- **Prompt**
Set out exactly, and only, the lines running from the one containing "第十五屆全運(yùn)會,正" to the bottom of the listing below; pictures stay out.

─── The data ───

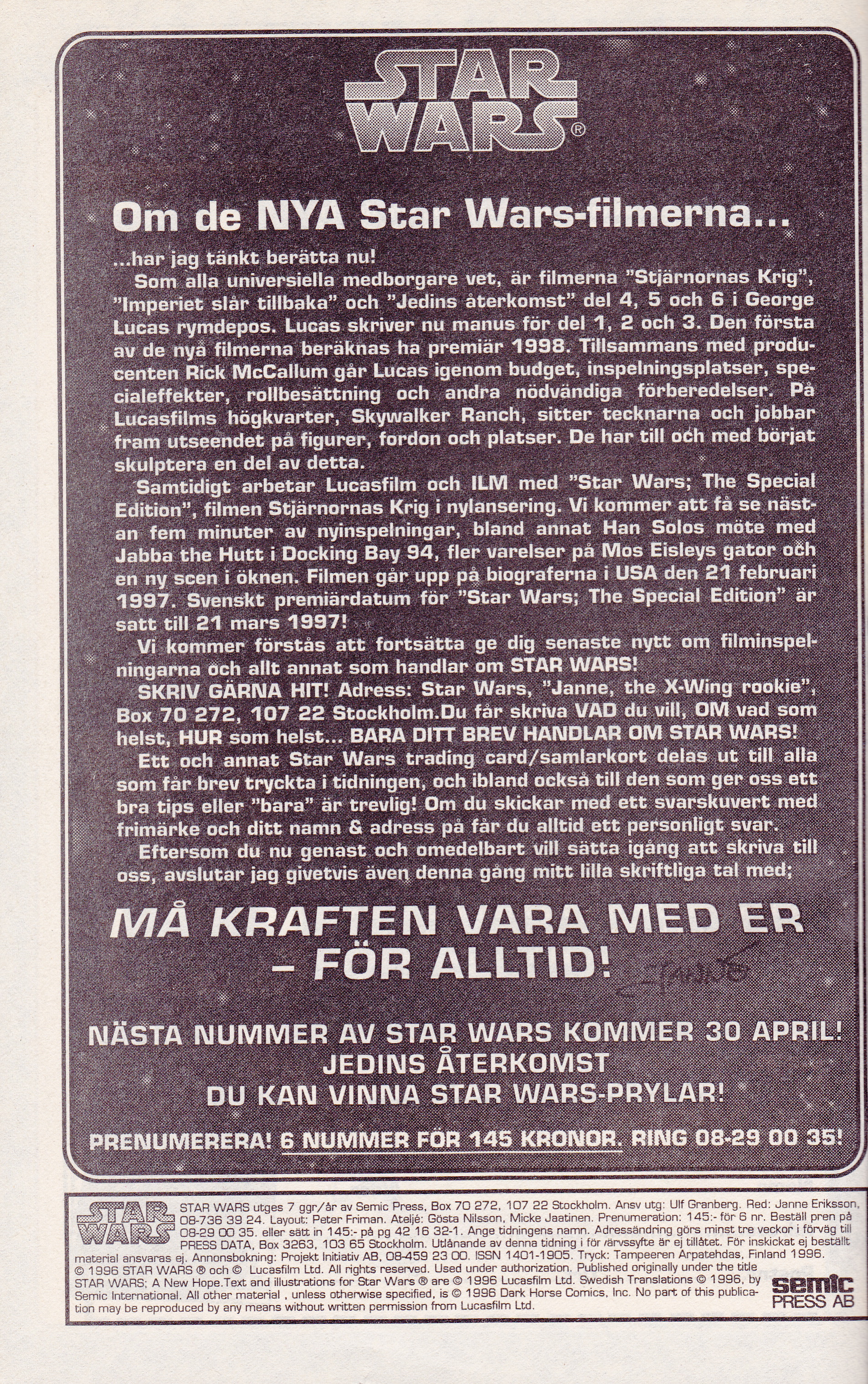 Krönikor om svenska Star Wars serier
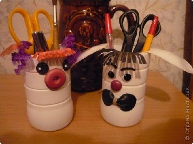 Подставка под канцелярию из пластиковых бутылокА вот подставка под карандаши в виде уютных котиков.
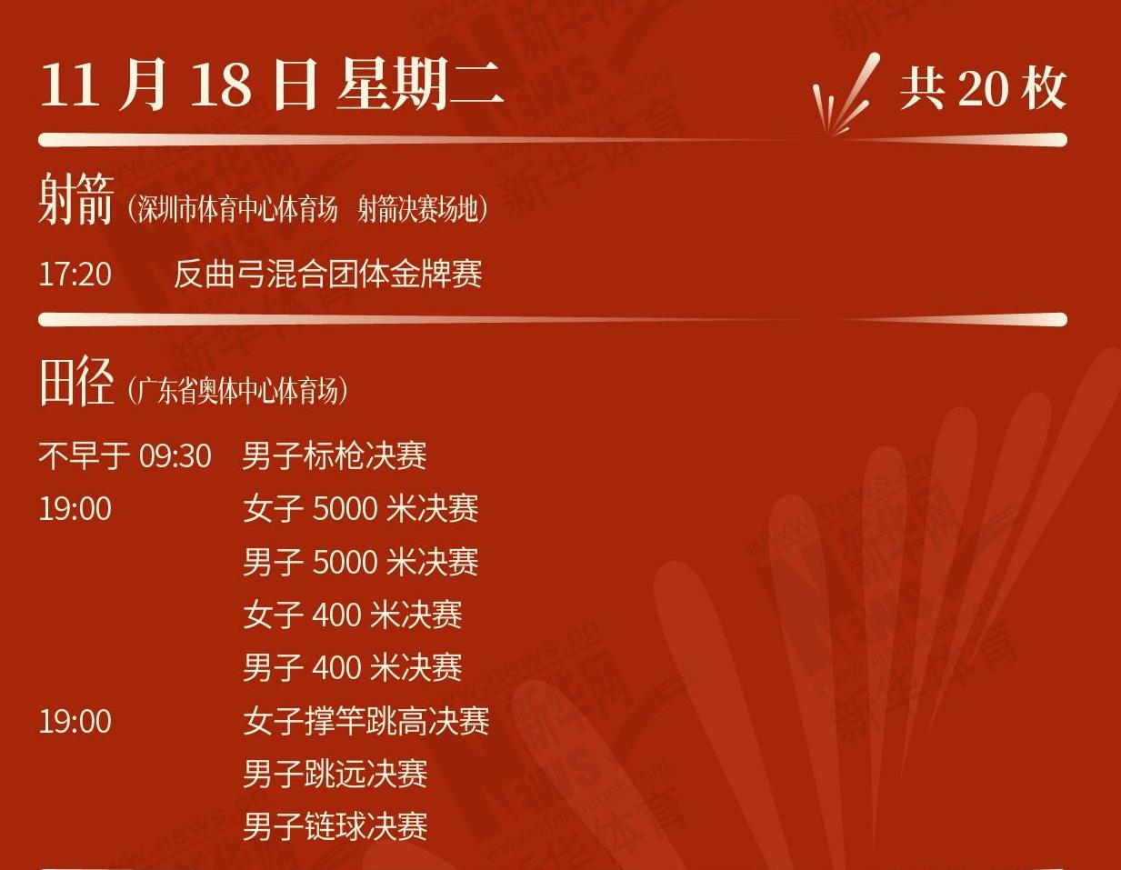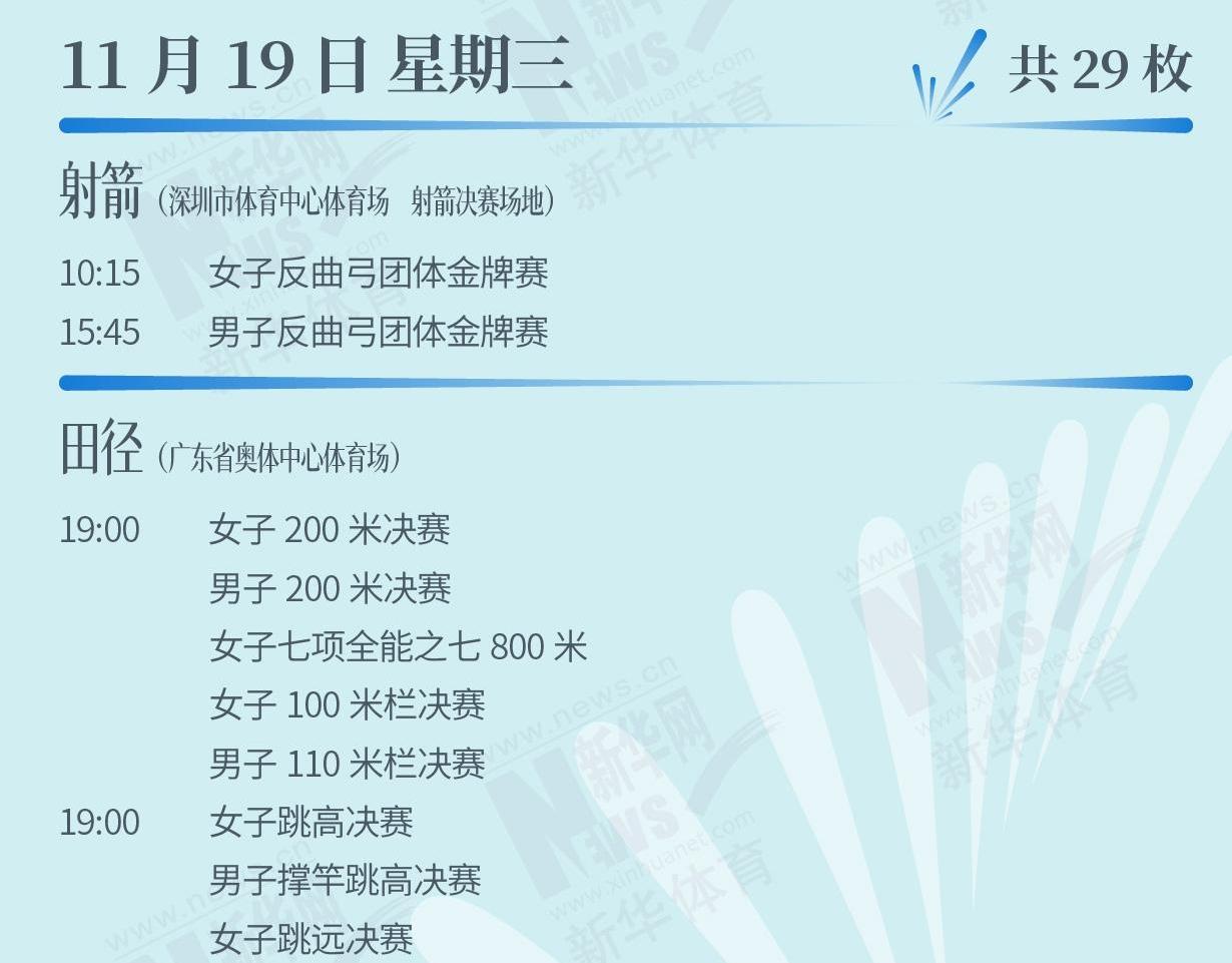 第十五屆全運(yùn)會,正在如火如荼進(jìn)行中。11月19日,運(yùn)動健兒將向多個項目發(fā)起獎牌沖擊,一起來看看賽程表。[詳細(xì)]
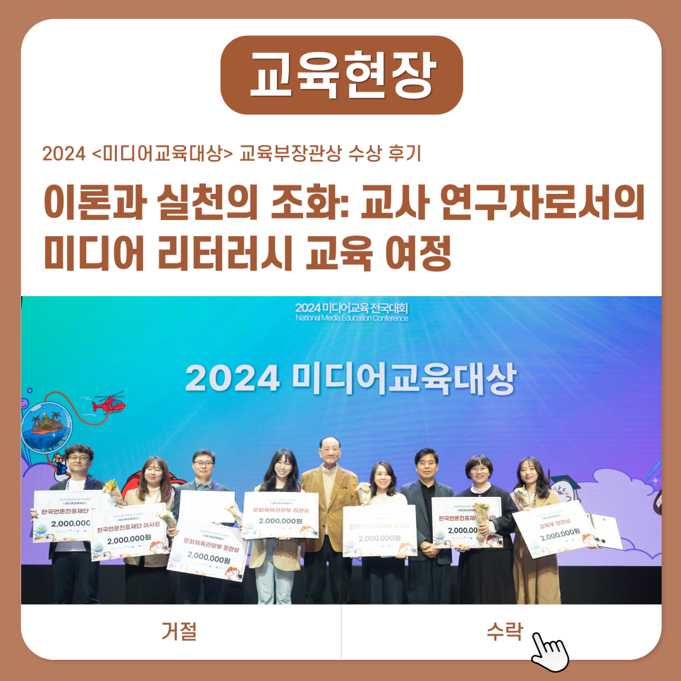 미디어 리터러시 교육은 결코 개인의 노력만으로 이루어지지 않는다. 그동안의 활동과 성과는 동료 교사들과의 협력, 학생들과의 소통, 연구자들의 조언 덕분에 가능했다. 나는 이 길에서 작은 역할을 맡았을 뿐이며, 선배들과 동료 교사들의 노력과 지혜를 통해 많은 것을 배우고 있으며, 여전히 더 배워나가고 있다. 이번 미디어교육대상을 받은 것도 함께 걸어온 분들 덕분이다. 이 자리를 빌려, 미디어 리터러시 교육의 중요성을 일깨워주신 교수님들, 항상 응원해 주신 동료 교사들, 그리고 이론을 실천으로 옮겨 보여준 학생들에게 깊은 감사의 마음을 전하고 싶다.
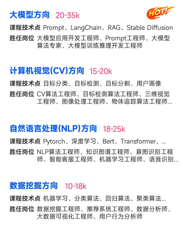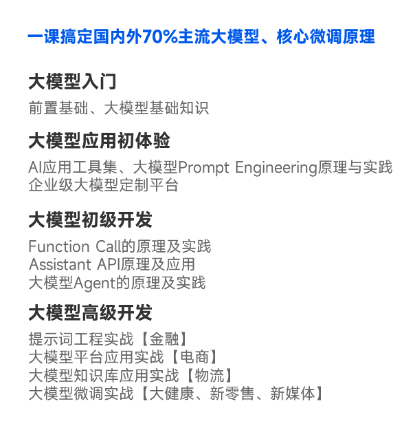 1. 大模型语言进阶 2. 数据处理与统计分析 3. 机器学习基础 4. 数据挖掘项目实战 5. 深度学习基础 6. NLP自然语言处理基础 7. 自然语言处理项目1 8. 大模型RAG开发项目 9. 大模型Agent开发项目 10. 大模型微调开发项目 11. 大模型核心专题 12. 自然语言处理项目2 13. 自然语言处理实战 14. 面试加强课 15. 图像分析基础 16. 多模态大模型项目

───

- **Written reply**
 第十五屆全運(yùn)會,正在如火如荼進(jìn)行中。11月19日,運(yùn)動健兒將向多個項目發(fā)起獎牌沖擊,一起來看看賽程表。[詳細(xì)]
 미디어 리터러시 교육은 결코 개인의 노력만으로 이루어지지 않는다. 그동안의 활동과 성과는 동료 교사들과의 협력, 학생들과의 소통, 연구자들의 조언 덕분에 가능했다. 나는 이 길에서 작은 역할을 맡았을 뿐이며, 선배들과 동료 교사들의 노력과 지혜를 통해 많은 것을 배우고 있으며, 여전히 더 배워나가고 있다. 이번 미디어교육대상을 받은 것도 함께 걸어온 분들 덕분이다. 이 자리를 빌려, 미디어 리터러시 교육의 중요성을 일깨워주신 교수님들, 항상 응원해 주신 동료 교사들, 그리고 이론을 실천으로 옮겨 보여준 학생들에게 깊은 감사의 마음을 전하고 싶다.
 1. 大模型语言进阶 2. 数据处理与统计分析 3. 机器学习基础 4. 数据挖掘项目实战 5. 深度学习基础 6. NLP自然语言处理基础 7. 自然语言处理项目1 8. 大模型RAG开发项目 9. 大模型Agent开发项目 10. 大模型微调开发项目 11. 大模型核心专题 12. 自然语言处理项目2 13. 自然语言处理实战 14. 面试加强课 15. 图像分析基础 16. 多模态大模型项目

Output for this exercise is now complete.